By Graham Watkins
The “Paris Climate Agreement” was finalized in December 2015. The agreement supports national drives toward reducing global emissions and improving planning and institutional capacities for adaptation and climate resilience. The agreement potentially opens opportunities for additional concessional financing, particularly financing to support the seventh Sustainable Development Goal to “ensure access to affordable, reliable, sustainable and modern energy for all” including an increasing share of renewable energy while expanding infrastructure to supply energy. Since 75% of renewable energy is presently supplied by hydropower, the “Paris Climate Agreement,” de facto, includes a drive toward more hydropower. This move toward more hydropower has been questioned from indigenous rights and social perspectives as well as from environmental and biodiversity perspectives.
For example, a recent paper in Science led by Kirk Winemiller describes the multitude of effects of hydropower on aquatic habitats. These range from the loss of endemic fish species and blocking critical fish migrations to modifying downstream flood pulse dynamics and sedimentation patterns. These environmental changes can in turn affect the livelihoods of vulnerable people as key food-fish populations are affected. The authors go further to point out that given the present plans for hydropower development, these impacts will be substantial and affect three critical basins replete with endemic species – the Amazon, Congo, and the Mekong.

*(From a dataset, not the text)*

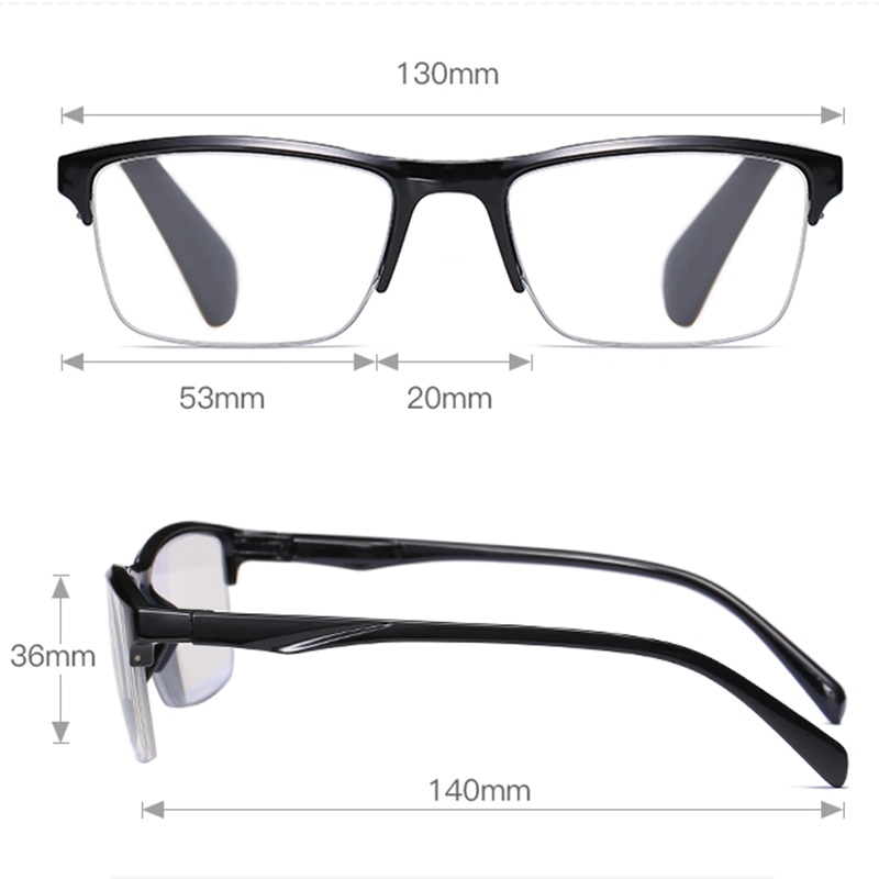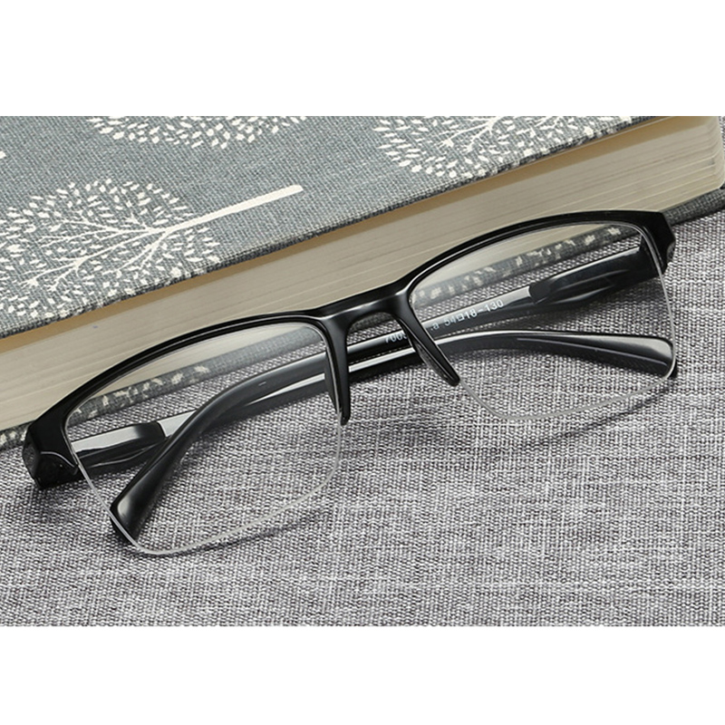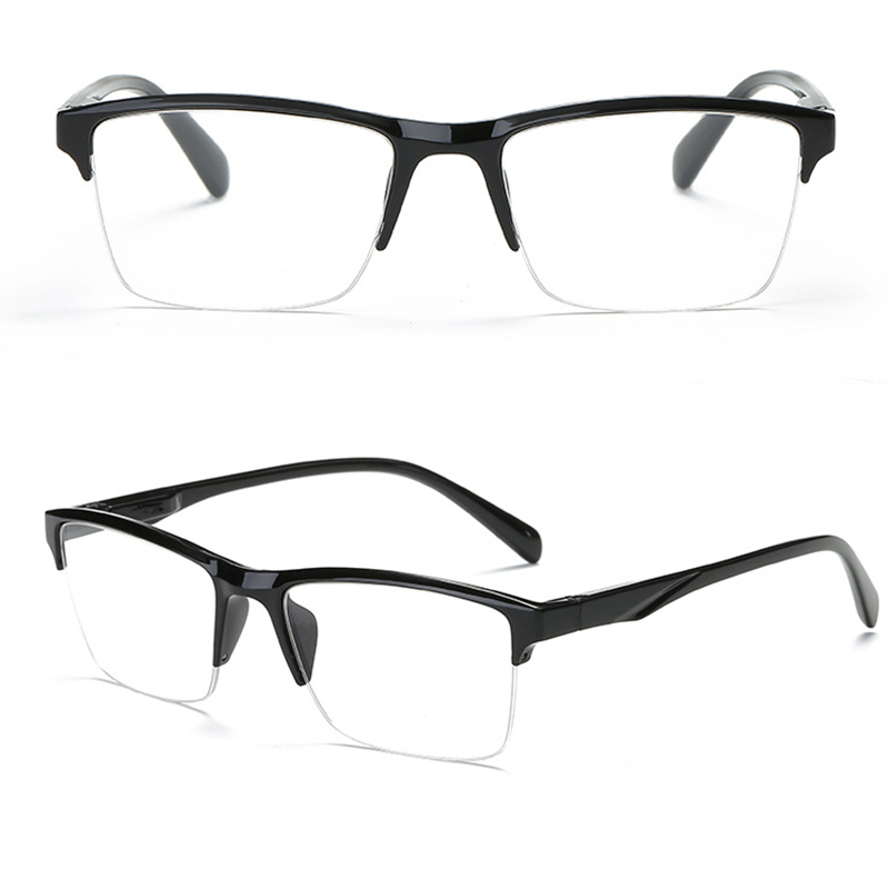 Квадратные полуоправы для чтения, мужские прозрачные увеличительные пресбиопические очки, черные + 75 125 175 225 275 325 375

Damming the available rivers to produce hydroelectric power may help provide a solution to the energy crisis but is also likely to create numerous contingencies that will affect the security and livelihoods of vulnerable communities.
Large hydropower projects are complex undertakings that have substantial effects on the social and environmental context in which they are situated. It is not surprising that we are increasingly seeing hydropower dam plans and construction stopped or slowed by social actions – Belo Monte in Brazil, El Diquis in Costa Rica, and the HydroAsen dams in Chile jump to mind. There is increasing resistance to large dams in the same way that local communities and civil society have reacted to extractive industries.
One of the main development challenges of this century is therefore how to address the quandary of, on one hand, needing to generate more “renewable” energy and, on the other hand, addressing the pervasive and substantial impacts from large dams. I am certainly not the first, nor last, to argue that the solution lies in (1) deciding to build the right project in the right place and, (2) building and operating the project right.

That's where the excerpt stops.